++++ Source records

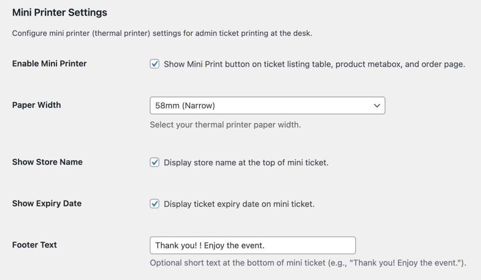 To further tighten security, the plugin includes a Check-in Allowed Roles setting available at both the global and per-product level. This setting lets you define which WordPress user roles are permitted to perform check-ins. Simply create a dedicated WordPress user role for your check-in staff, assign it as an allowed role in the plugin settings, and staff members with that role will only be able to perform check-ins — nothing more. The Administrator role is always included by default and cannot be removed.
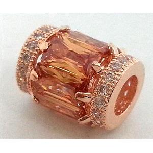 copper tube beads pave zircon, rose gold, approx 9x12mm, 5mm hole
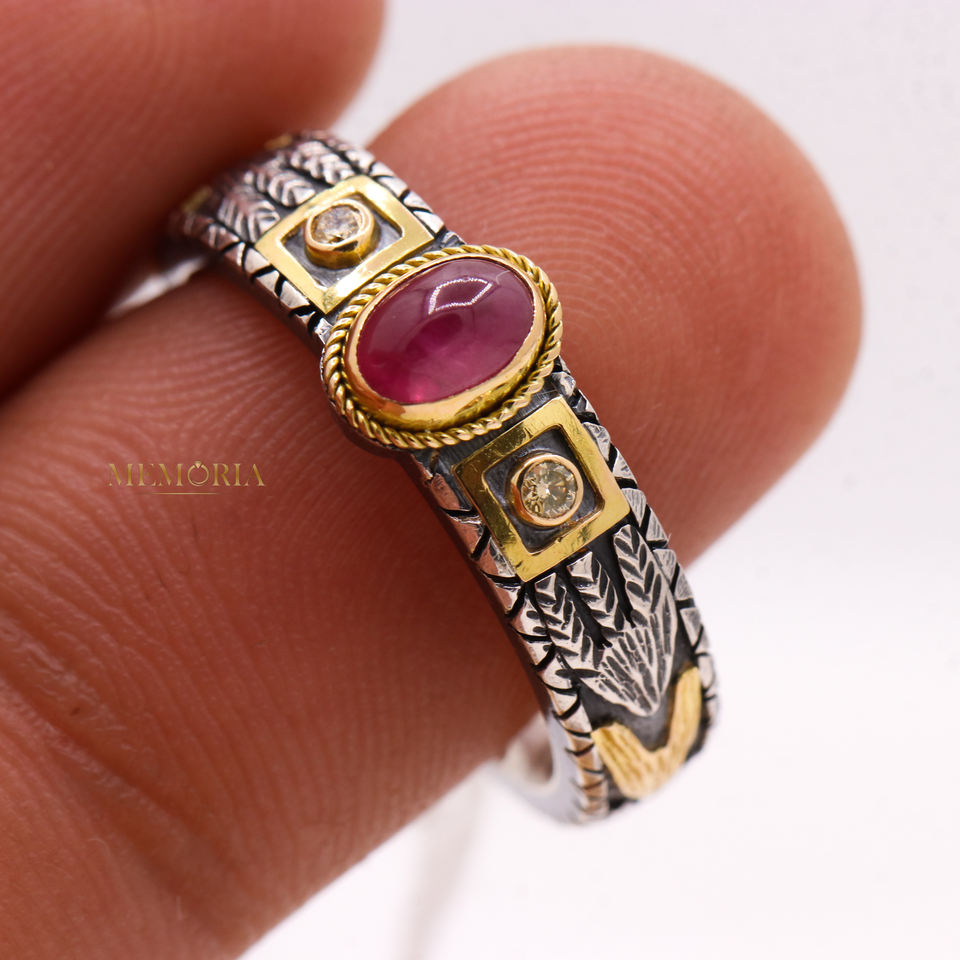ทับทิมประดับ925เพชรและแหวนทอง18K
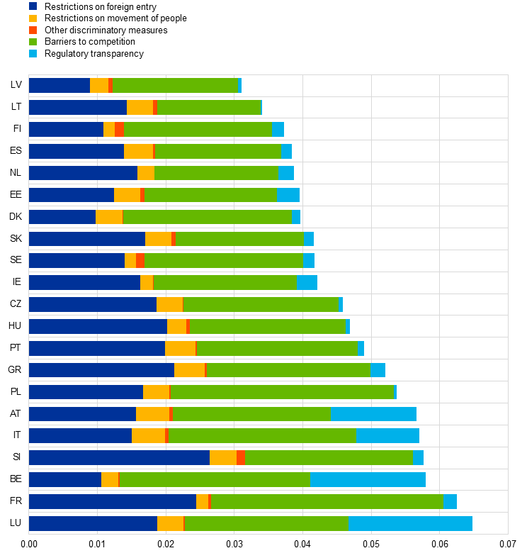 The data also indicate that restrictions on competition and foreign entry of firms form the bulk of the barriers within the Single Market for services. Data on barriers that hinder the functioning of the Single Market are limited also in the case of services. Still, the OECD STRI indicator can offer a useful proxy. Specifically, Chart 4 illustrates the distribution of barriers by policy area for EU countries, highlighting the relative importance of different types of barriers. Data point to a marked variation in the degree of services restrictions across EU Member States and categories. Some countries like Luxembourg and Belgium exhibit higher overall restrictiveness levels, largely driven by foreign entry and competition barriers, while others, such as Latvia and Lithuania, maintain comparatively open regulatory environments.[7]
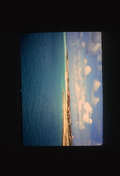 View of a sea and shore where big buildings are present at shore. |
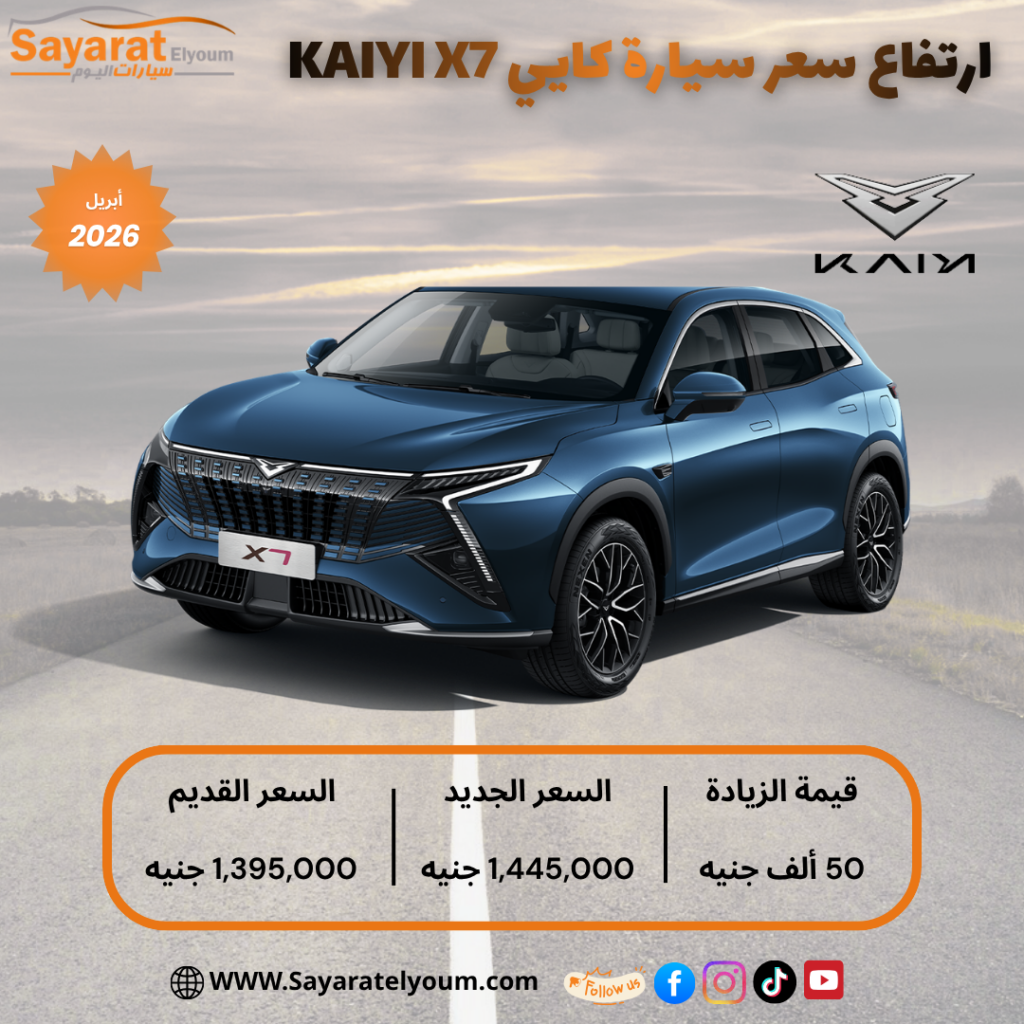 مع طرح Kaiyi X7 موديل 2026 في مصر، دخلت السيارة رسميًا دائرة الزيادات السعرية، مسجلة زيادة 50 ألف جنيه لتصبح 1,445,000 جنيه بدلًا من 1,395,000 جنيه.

++++++++

_What you should do_
What is needed is an exact copy of the data, without any pictures.

_Written solution_
 To further tighten security, the plugin includes a Check-in Allowed Roles setting available at both the global and per-product level. This setting lets you define which WordPress user roles are permitted to perform check-ins. Simply create a dedicated WordPress user role for your check-in staff, assign it as an allowed role in the plugin settings, and staff members with that role will only be able to perform check-ins — nothing more. The Administrator role is always included by default and cannot be removed.
 copper tube beads pave zircon, rose gold, approx 9x12mm, 5mm hole
ทับทิมประดับ925เพชรและแหวนทอง18K
 The data also indicate that restrictions on competition and foreign entry of firms form the bulk of the barriers within the Single Market for services. Data on barriers that hinder the functioning of the Single Market are limited also in the case of services. Still, the OECD STRI indicator can offer a useful proxy. Specifically, Chart 4 illustrates the distribution of barriers by policy area for EU countries, highlighting the relative importance of different types of barriers. Data point to a marked variation in the degree of services restrictions across EU Member States and categories. Some countries like Luxembourg and Belgium exhibit higher overall restrictiveness levels, largely driven by foreign entry and competition barriers, while others, such as Latvia and Lithuania, maintain comparatively open regulatory environments.[7]
 View of a sea and shore where big buildings are present at shore. |
 مع طرح Kaiyi X7 موديل 2026 في مصر، دخلت السيارة رسميًا دائرة الزيادات السعرية، مسجلة زيادة 50 ألف جنيه لتصبح 1,445,000 جنيه بدلًا من 1,395,000 جنيه.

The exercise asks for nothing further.